Step 7: Information Value
Before acting, ask: would getting more information change the decision?
INFORMATION VALUE:
- What information would most change your estimate? [describe]
- How much would it shift the probability? [estimate]
- What does that information cost to get? [time/money/effort]
- Is the expected value of that information greater than its cost? [yes/no]
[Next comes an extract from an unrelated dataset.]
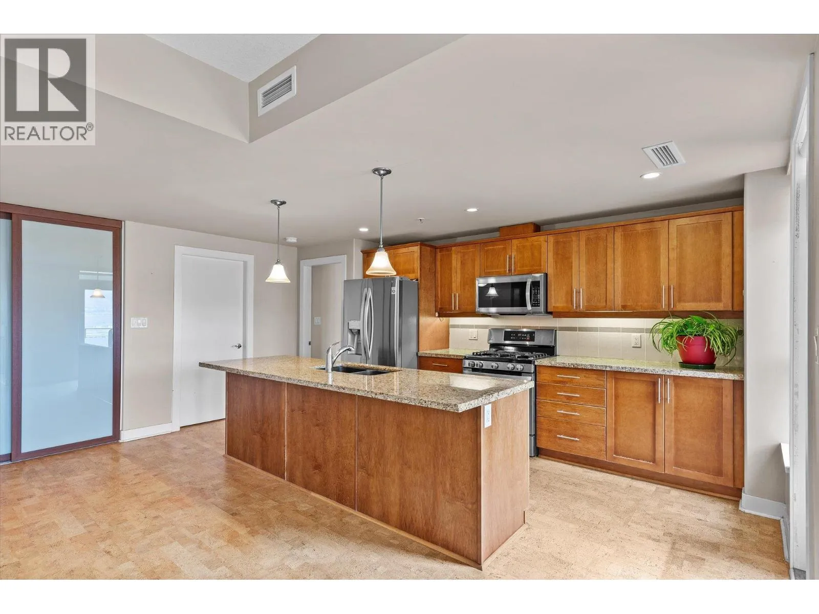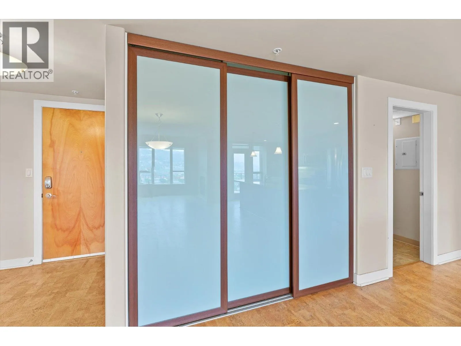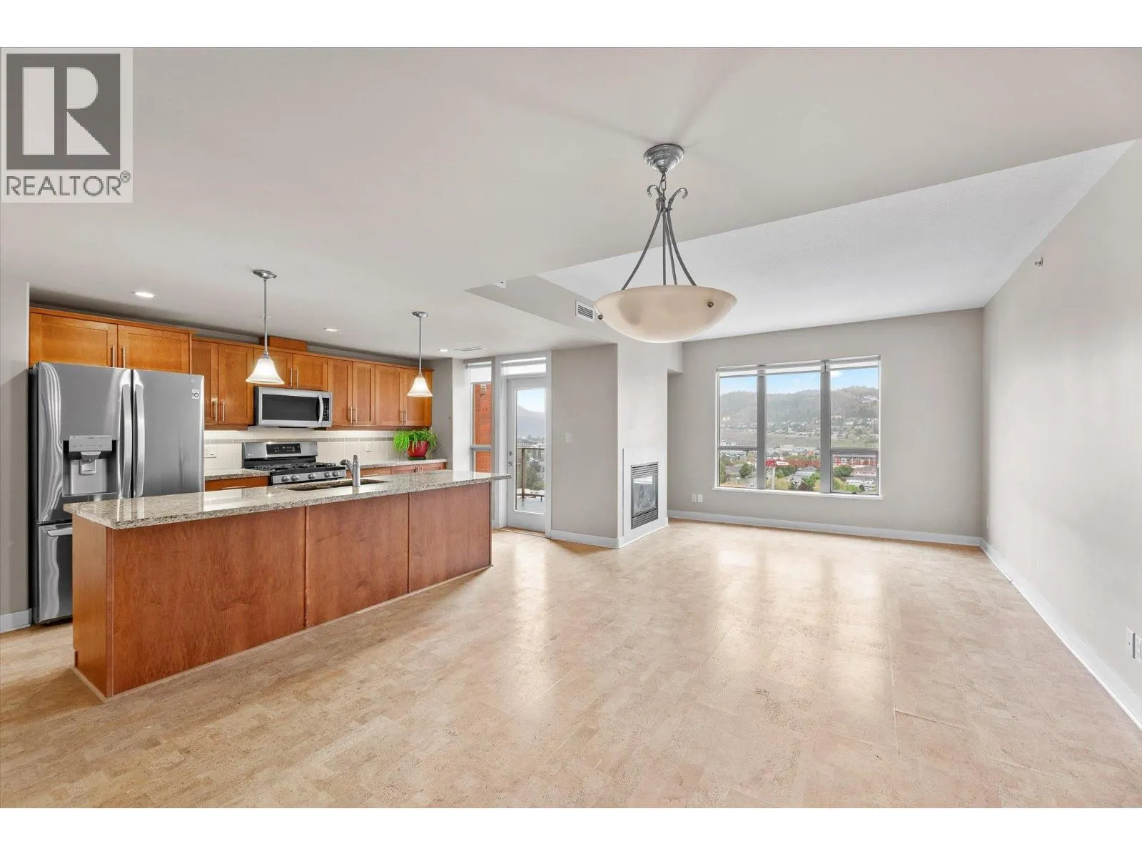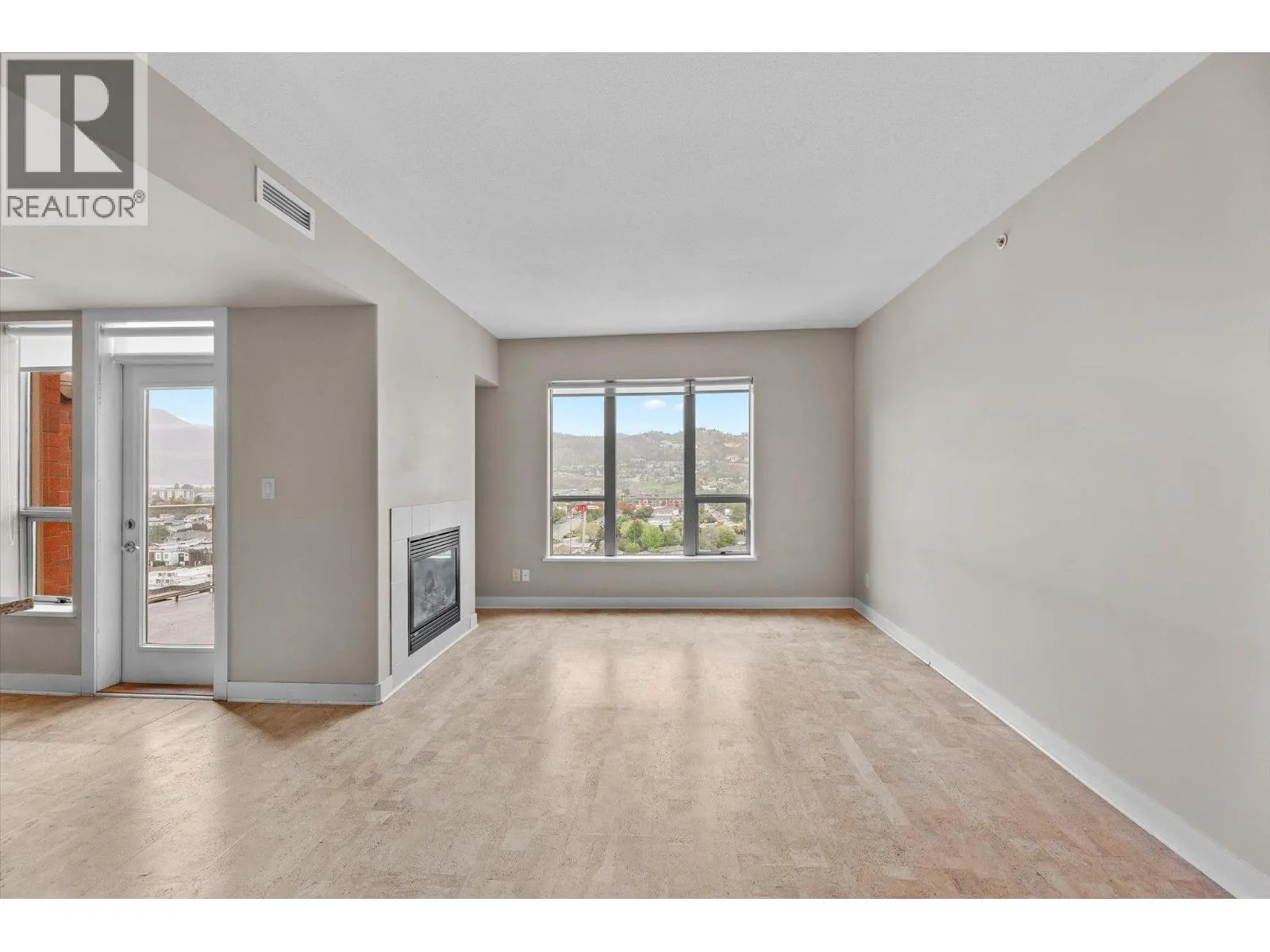 Two Bedroom + Den with 2 parking stallsâthis condo puts you right on the edge of downtown Kelowna. Lake, city, and mountain views from the 12th floor. Located in one of the cityâs most sought-after buildings, residents enjoy premium amenities including a pool, hot tub, dry sauna, steam room, and gym, with groceries just an elevator ride away. The unit itself is spacious and features a smart split-bedroom floor plan and a den with sliding doors complete with a built-in Murphy bedâ perfect for guests or an ultra flexible work or hobby space. Enjoy a generous kitchen with new stainless steel appliances, an oversized island, plenty of storage, and ample prep spaceâperfect for hosting or everyday living. In the living room, a cozy gas fireplace anchors the space, framed by big windows and stunning views. Retreat to the primary bedroom, where you will find a spacious walk in closet, as well as an ensuite with dual vanities and a separate soaker tub. Step out onto the private balcony to soak up the scenery, all framing those iconic Kelowna views. This condo also comes with two parking spots and a storage locker, and the building welcomes 2 dogs (up to 14"" at the shoulder) or 2 cats! Whether itâs biking the nearby trails, beach days, brewery hopping, or dining out, this location connects you to everything If youâre looking for comfort, convenience, and a view, this condo is sure to check all of the boxes! (id:27476)

RECOMMENDATION: [Act now / Gather information first / Wait and observe]
Failure Modes
| Failure | Signal | Fix |
|---|---|---|
| Neglecting base rates | Jumping to evidence without establishing how common this is | Always start with “how often does this happen in general?” |
| Fake precision | Stating 73.2% when your real uncertainty spans 50-90% | Use ranges. State confidence intervals. Drop false decimals. |
| Narrative probability | ”The story makes sense so it must be likely” | Stories always make sense. Check the math, not the plot. |
| Symmetric updates | Confirming evidence moves you +20% but disconfirming only -5% | Apply the same likelihood ratio logic in both directions. |
| Ignoring correlation | Treating risks as independent when they share causes | Map common causes. Correlated risks mean wider tails. |
| Expected value worship | Using EV when ruin risk exists | If an outcome is catastrophic, no positive EV justifies the bet. |
Depth Scaling
Default: 2x. Parse depth from $ARGUMENTS if specified (e.g., “/prob 4x [input]”).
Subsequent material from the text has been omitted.